I often get asked if I have any advice or tips on how to get better as a new photographer when you’re just starting out. This can be such a tough question to answer because just like anything worth while in life it takes time, patience, and lots of practice. However, that answer feels just a little too obvious and quite frankly, not helpful.
So, I sat down and thought about what would make some of the biggest improvements and help someone avoid some of the mistakes I made in the beginning. Believe me, being a self-taught photographer I made some mistakes that I had to learn to undo…blech!
Here is a list of the 6 things I recommend.

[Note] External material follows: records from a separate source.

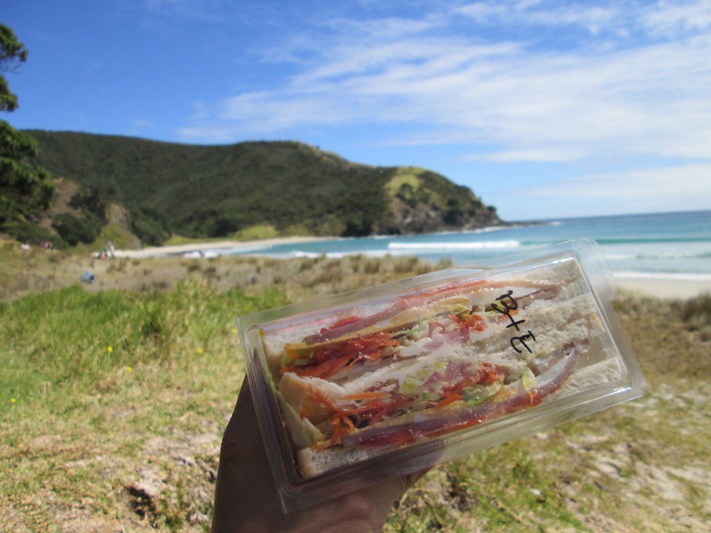 Wir haben uns dort für etwa 2 Stunden aufgehalten und im dortigen Café noch den besten Muffin der Welt konsumiert. Während wir uns am Muffin zu schaffen gemacht haben, hat sich ein Vogel mit seltsam langen Beinen am Zucker des Nebentisches bedient. Schlaues Tier! Einen langen Spaziergang mit schweren Rucksäcken und einen Neuseeland-Lamm-Kebap später sitzen wir im Bus nach Auckland, dass wir fix erreichen und wo wir auch relativ fix in unser Hostelbett fallen. Der Stray-Bus war für uns so ganz ohne Auto in den ersten Tagen eine super-Sache, können wir nur empfehlen. Wenn ihr da irgendwas buchen wollt, könnt ihr gerne auch meine Stray Mate Number angeben und bekommt bei genügend hohem Einkaufspreis auch 5% Rabatt: MK4975.
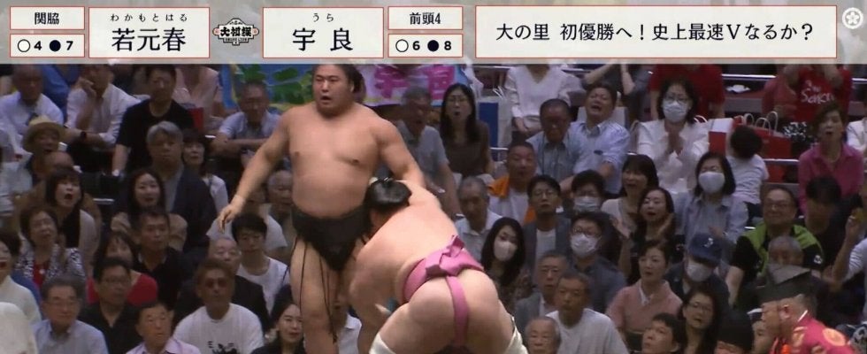 初日から6連勝と好スタートを切ったが、その後まさかの8連敗を喫し、負け越しが決まってしまった宇良。迎えた千秋楽は、八日目から十日目まで休場した関脇・若元春(荒汐)との一番。宇良は圧力に屈し土俵際に追い込まれる場面もあったが、そこから相手の中に入り、寄り切って逆転勝ちを収めた。
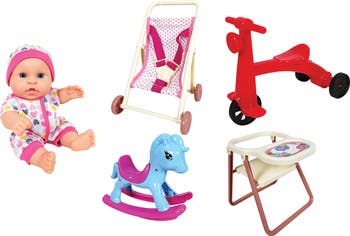 LISSI: 8" BABY DOLL: SCOOTER, PUSHCHAIR, ROCKING CHAIR & highchair SET - Introduce your little one to the world of imaginative play with the enchanting 8" Baby Doll Playset. This delightful collection includes a charming 8-inch baby doll, along with a stylish scooter, a convenient pushchair, a lovely highchair, and a cozy rocking chair—all designed to inspire endless hours of creative role-playing fun. The adorable baby doll comes dressed in a cute pink outfit, making her the perfect companion for your child’s adventures. Whether it's a stroll through the park in the collapsible pushchair or a cozy seat at the table in the highchair for pretend feeding, this set is designed for easy transport and storage, ensuring that playtime can happen anywhere. Your child can let their imagination soar as they create various scenarios. They can take the baby doll on exciting outings on the scooter or settle in for a relaxing time in the vibrant rocking chair. Each piece in this set encourages interactive play, allowing children to explore real-life nursery activities and develop essential social skills. INCLUDES: 1 doll, 1 scooter, 1 pushchair, 1 rocking chair, 1 highchair.
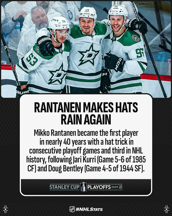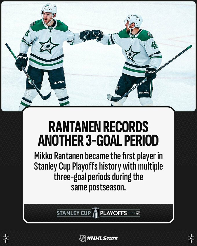 В последних 12 заброшенных шайбах Далласа в плей-офф Микко Рантанен отметился результативным действием. Это является теперь самой длинной подобной серией в истории Кубка Стэнли. Предыдущее достижение принадлежало Марио Лемье, который имел в своем активе 9 результативных действий подряд.
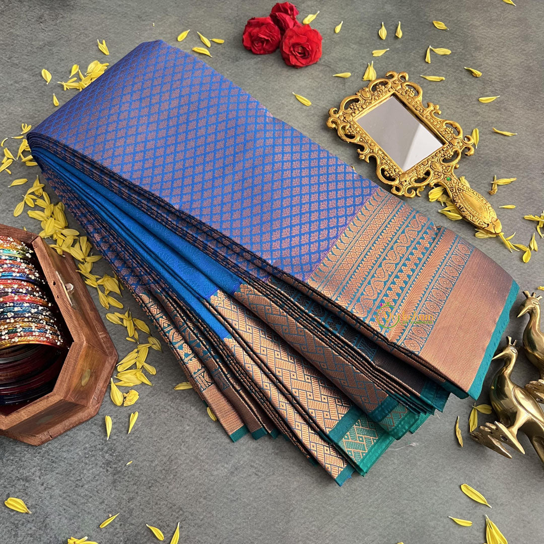 Elevate your style with the luxurious Firosa Silk Saree. Featuring delicate golden zari work, this semi soft saree exudes sophistication and elegance. The green border adds a touch of freshness to the rich silk fabric. Perfect for any special occasion, this saree is a must-have for any fashion-forward individual.
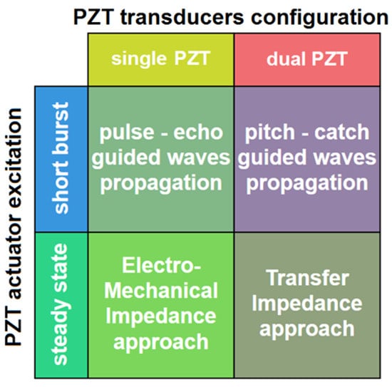 The application of PZT sensors to SHM is always based on the propagation of elastic waves, usually Lamb waves, through a monitored structure [,,,]. However, four different setups of PZT transducers can be distinguished in applications. There are two factors allowing for distinction between the setups [,,,]:
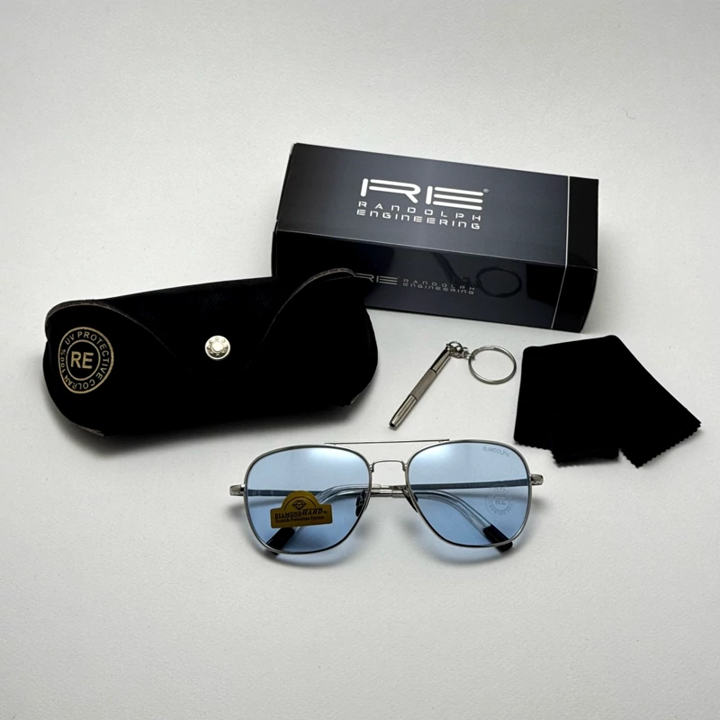 عینک شب و آفتابی خلبانی رندولف شیشه سنگ آبی آسمانی نقره ای فول پک RANDOLPH AVIATOR RE 58 24K WHITE GOLD

1.Experiment and learn the exposure triangle. Aperture, shutter speed, and ISO all work together to determine your exposure. Learning this is the key to getting your camera out of automatic mode and taking control over the types of images you want to create. This book, Understanding Exposure Play: How to Shoot Great Photographs with any Camera by Bryan Petersen was a great read for me to wrap my head around these three important components. Then, play around with changing these setting to see how the
2. Practice shooting with your lens or lenses. Different lenses have different apertures, or f-stops. Practice shooting at all those different apertures (f-stops) until you can consistently nail your focus. Notice how changing your aperture (f-stop) will force you to change your shutter speed and ISO to get the same exposure. Watch how the depth of field changes with every change in aperture. For instance, with practice I know that I love to photograph my newborns at f 2.8 but do all my family portraits at f 4.0 or higher. This is a personal preference and what I have learned over time.
3. Experiment with composition. This is what makes a photo more interesting or pleasing to the eye. Play around with the rule of thirds , negative space, getting up high and shooting down, getting down low and shooting up, layer your subject in the middle with some foreground and background ( ex. placing some tree leaves that are out of focus in front of your subject).
4. Shoot, shoot, and then shoot some more. Ok, you knew I was going to have to say this. Just get out there and do it. I’m doing the same thing this year by challenging myself to do my first Project 365. There are many 365 day projects, but they all share the same goal. Take at least one photograph every day. This year I’ll be pushing myself by only shooting with one very specific lens that I want to master.
5. Have fun. Your camera is your tool to take images. The images you want to take. You are the one in control. Not every image will be a masterpiece. Photography is a journey. Enjoy the journey!
6. Share your images. Please don’t let all those beautiful images your are going to take sit on your hard drive. Share them with your friends, your family, the world. Heck, PRINT some of your images. I loooove printing my favorite images and displaying them around my home.
Ok, that’s it…now go out and create some beautiful pictures!